Сергей посмотрел на часы - пять часов, вокруг.
Фишер уже не было рядом. Школа, как Сергей знал, переехала очередной раз к 'Чернышевской', за кинотеатром 'Спартак'. Дошел он до нее за полчаса. Школа еще не была закрыта. Как и десять лет назад, возле школы собирались группки. Сергей ощутил, как жар опаляет ему лицо, когда он разыскал в расписании 'Островский П.А.', понедельник - два урока с десяти и два урока в конце дня...
Он едва дождался понедельника. Вышел в восемь утра, совершенно бодрый, хотя и проворочался всю
ночь и заснул под утро на два часа. К десяти Сергей подходил к школе, от ударов сердца, казалось, дрожала рубашка. Сергей собирался побродить невдалеке от школы, даже дошел до скамеек перед кассами кинотеатра, но дальше не отошел и просидел, наблюдая за движением стрелок
часов.
В половине двенадцатого он пересек порог школы.
Коридоры были пустынны. Около соседнего с нужным ему кабинетом расхаживали высоченные ребята, изредка окидывали оценивающими взглядами Сергея. За ближайшей дверью громко заговорили, она с шумом раскрылась, пропустила парня с дерзко задранным подбородком. Выйдя в коридор, он проскрежетал : "Пошел на...", хлопнул дверью и
застучал шагами. Дверь вторично распахнулась, быстро поднимаясь и опускаясь, вылетел Островский, поднял кулак : "Не выучишь - и не думай приходить !" Повернувшись, внимательно, чуть
наклонив голову, посмотрел на Сергея, строго сказал : "Из десятого пятого, семьдесят второй год, Зандер. Через пять минут освобожусь."

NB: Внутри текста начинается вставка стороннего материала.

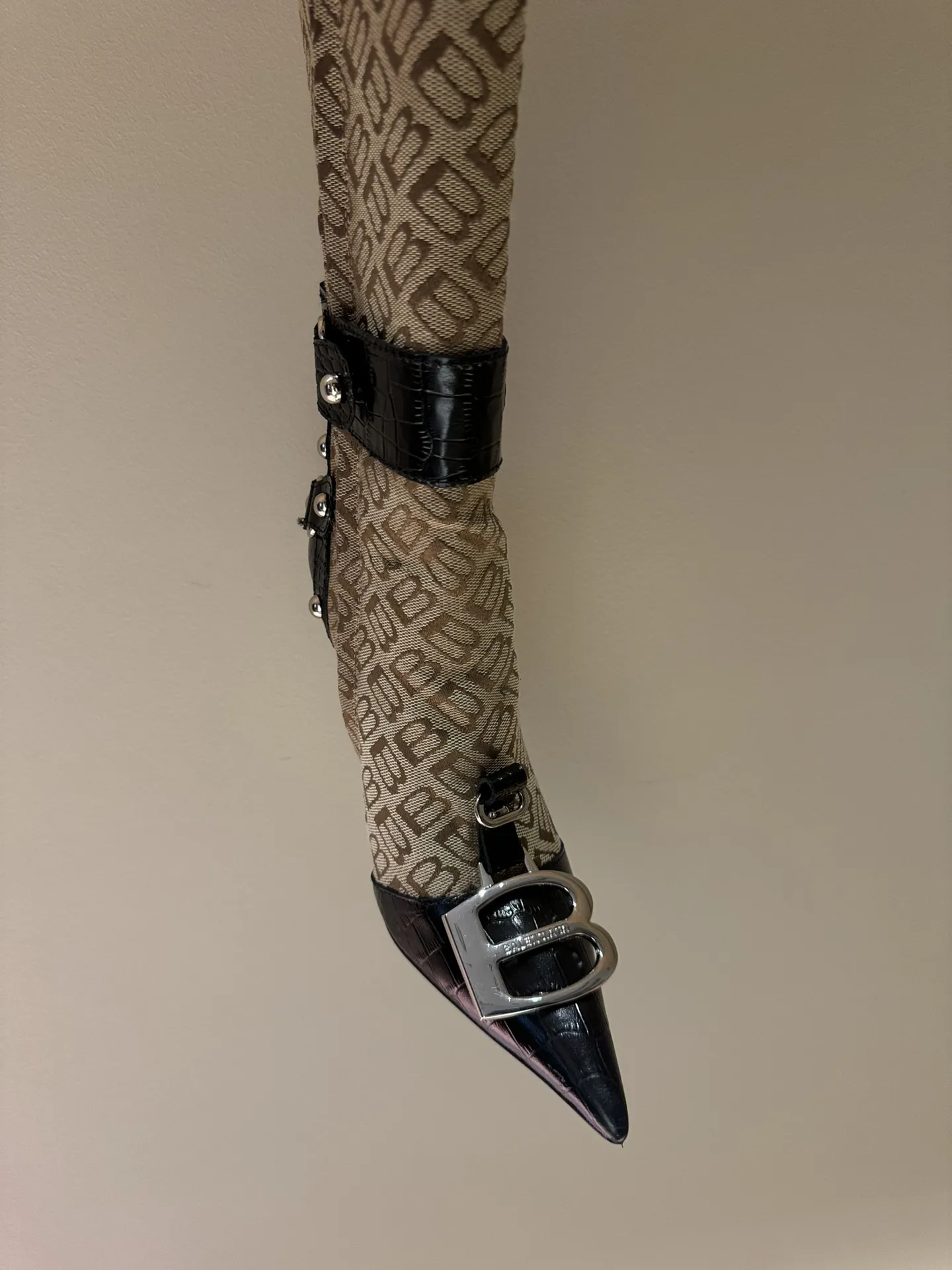 Эти высокие сапоги Balenciaga - это воплощение модного и дерзкого стиля. Изготовленные из прочной коровьей кожи, они имеют острый носок и молнию по бокам, что делает их идеальным выбором для создания модного образа в мотоциклетном стиле. Внутренняя подкладка: смесовая овчина. Высота каблука: 10,5 см.

Звонок оглушил. Коридор мгновенно заполнился галдевшей молодежью. Дверь опередила руку Сергея.
Высокий, уже снова знакомый настолько, будто и
не прошло десяти лет, человек впустил Сергея в
класс. "Ну, рассказывай, как первые десять лет ?" В его огромной ладони потерялась рука Сергея.

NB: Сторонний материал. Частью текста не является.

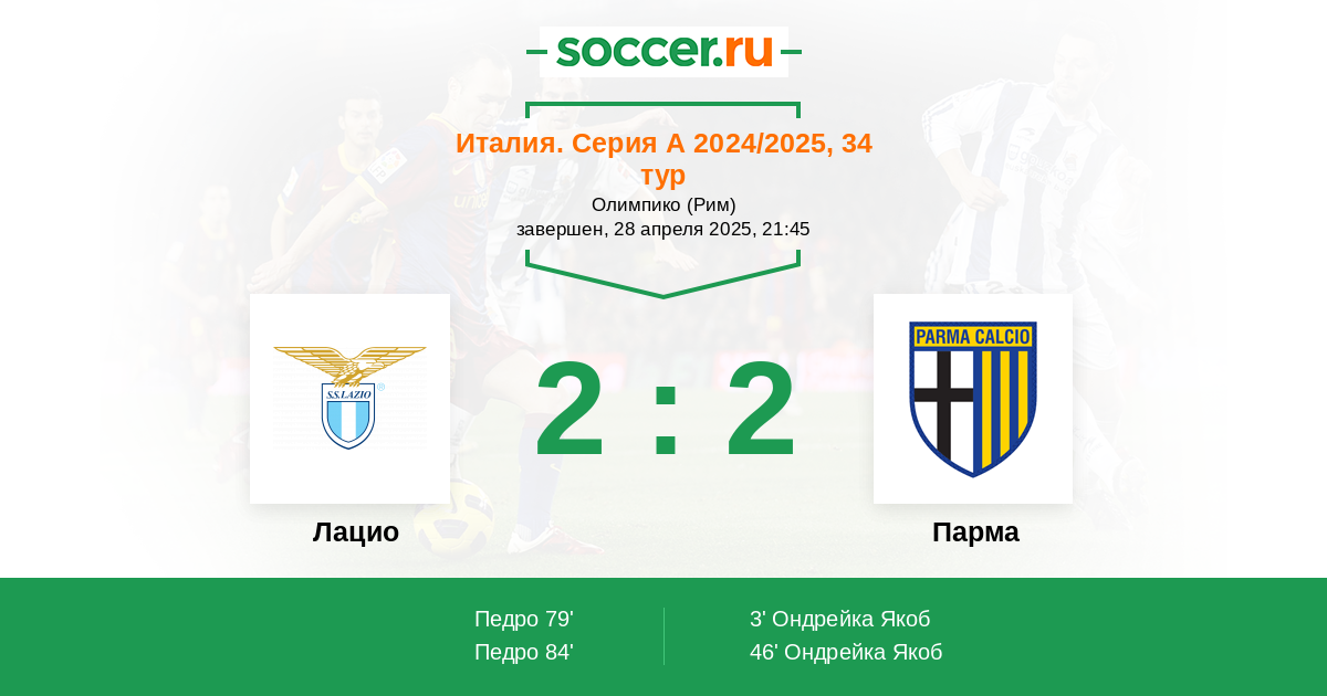 Италия. Серия А 01.12.2024 Парма Логотип футбольный клуб Парма 3:1 Логотип футбольный клуб Лацио (Рим) Лацио

"Рассказывать особо нечего - учился, женился, работал по распределению. Как обычно." "А учился где ?" "В ЛЭТИ, на радиотехническом." - Сергей пустил нить разговора на волю течения : "А вы нынешних также гоняете ?" "Ты про того, кого я намедни выгнал! Умнейший парень, но спорит о том, о чем ни черта не знает..." "А чего он не знает ?" - Сергей, помня свой опыт обучения истории 'по Островскому', воспринял виденную им сцену, как должное. "Они молодые ребята, им хочется всего очень быстро," - Островский превратился в учителя : "и чтобы им дали дорогу.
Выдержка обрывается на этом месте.